● RECORD EXCERPTS:
· · · ·

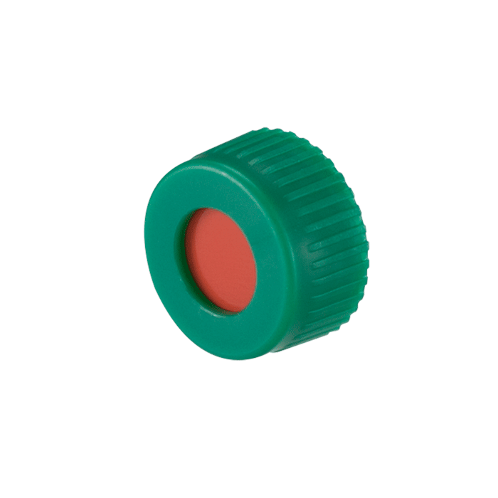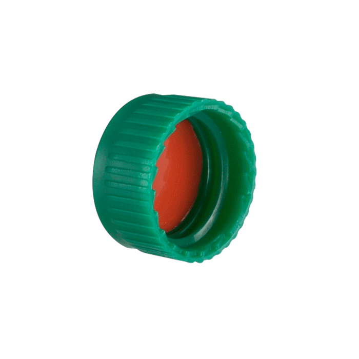 Caps, Screw Top, with Orange Red Rubber / PTFE Septa, bonded in "knurled", polypropylene, Green Caps. For use with 9-425mm thread, 12x32mm autosampler vials. MicroSolv Brand. 1000/CS.
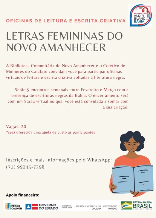 O projeto "Letras Femininas do Novo Amanhecer", promovido pela Biblioteca Comunitária do Novo Amanhecer em parceria com o Coletivo de Mulheres do Calafate, tem como objetivo aproximar mulheres da comunidade do Calafate através da literatura e da escrita por meio de um ciclo de rodas de leitura virtuais.
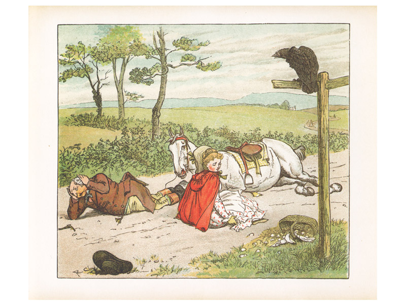 Восторг ценителей понятен: шедевр – он и есть шедевр. Можно говорить об изящных линиях, динамичном рисунке, удивительной выразительности персонажей, о виртуозном чередовании цветной иллюстрации и черно-белого графического рисунка, которое создает особый ритм повествования. Но главное – это, конечно, энергетика рисования, точнее – рисованного повествования, которое не дает зрителю оторваться и возбуждает одновременно два противоречивых желания: с одной стороны, хочется долго-долго разглядывать каждый разворот, каждую иллюстрацию, с другой стороны – скорее перевернуть страницу, чтобы узнать продолжение событий. И как любой выдающийся иллюстратор, Кальдекотт рассказывает историю, параллельную той, что изложена словами. Это не значит, что рисунок не соответствует тексту. Но художник своей работой усложняет текст, задает ему дополнительное измерение.
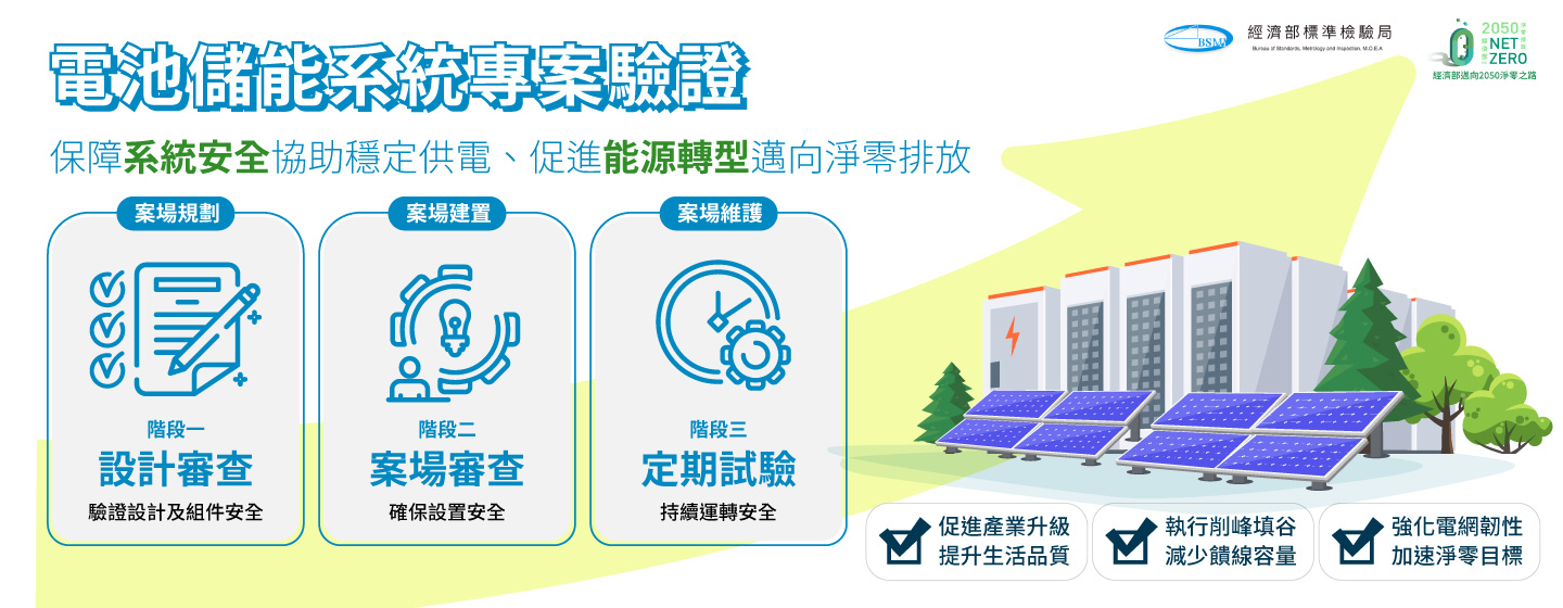 經濟部標準檢驗局實施「電池儲能系統專案驗證」 三階段保障儲能系統安全,協助達成淨零排放目標
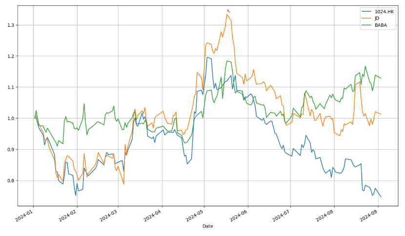 这就使得其资本市场表现与电商类企业呈现高度的相关性,上图为2024年至今快手与阿里,京东的市值变化情况(起始点均为“1”),三条折线走出了高度同频的节奏。

· · · ·

The response must restate each line of the material above exactly and contain no images.

 Caps, Screw Top, with Orange Red Rubber / PTFE Septa, bonded in "knurled", polypropylene, Green Caps. For use with 9-425mm thread, 12x32mm autosampler vials. MicroSolv Brand. 1000/CS.
 O projeto "Letras Femininas do Novo Amanhecer", promovido pela Biblioteca Comunitária do Novo Amanhecer em parceria com o Coletivo de Mulheres do Calafate, tem como objetivo aproximar mulheres da comunidade do Calafate através da literatura e da escrita por meio de um ciclo de rodas de leitura virtuais.
 Восторг ценителей понятен: шедевр – он и есть шедевр. Можно говорить об изящных линиях, динамичном рисунке, удивительной выразительности персонажей, о виртуозном чередовании цветной иллюстрации и черно-белого графического рисунка, которое создает особый ритм повествования. Но главное – это, конечно, энергетика рисования, точнее – рисованного повествования, которое не дает зрителю оторваться и возбуждает одновременно два противоречивых желания: с одной стороны, хочется долго-долго разглядывать каждый разворот, каждую иллюстрацию, с другой стороны – скорее перевернуть страницу, чтобы узнать продолжение событий. И как любой выдающийся иллюстратор, Кальдекотт рассказывает историю, параллельную той, что изложена словами. Это не значит, что рисунок не соответствует тексту. Но художник своей работой усложняет текст, задает ему дополнительное измерение.
 經濟部標準檢驗局實施「電池儲能系統專案驗證」 三階段保障儲能系統安全,協助達成淨零排放目標
 这就使得其资本市场表现与电商类企业呈现高度的相关性,上图为2024年至今快手与阿里,京东的市值变化情况(起始点均为“1”),三条折线走出了高度同频的节奏。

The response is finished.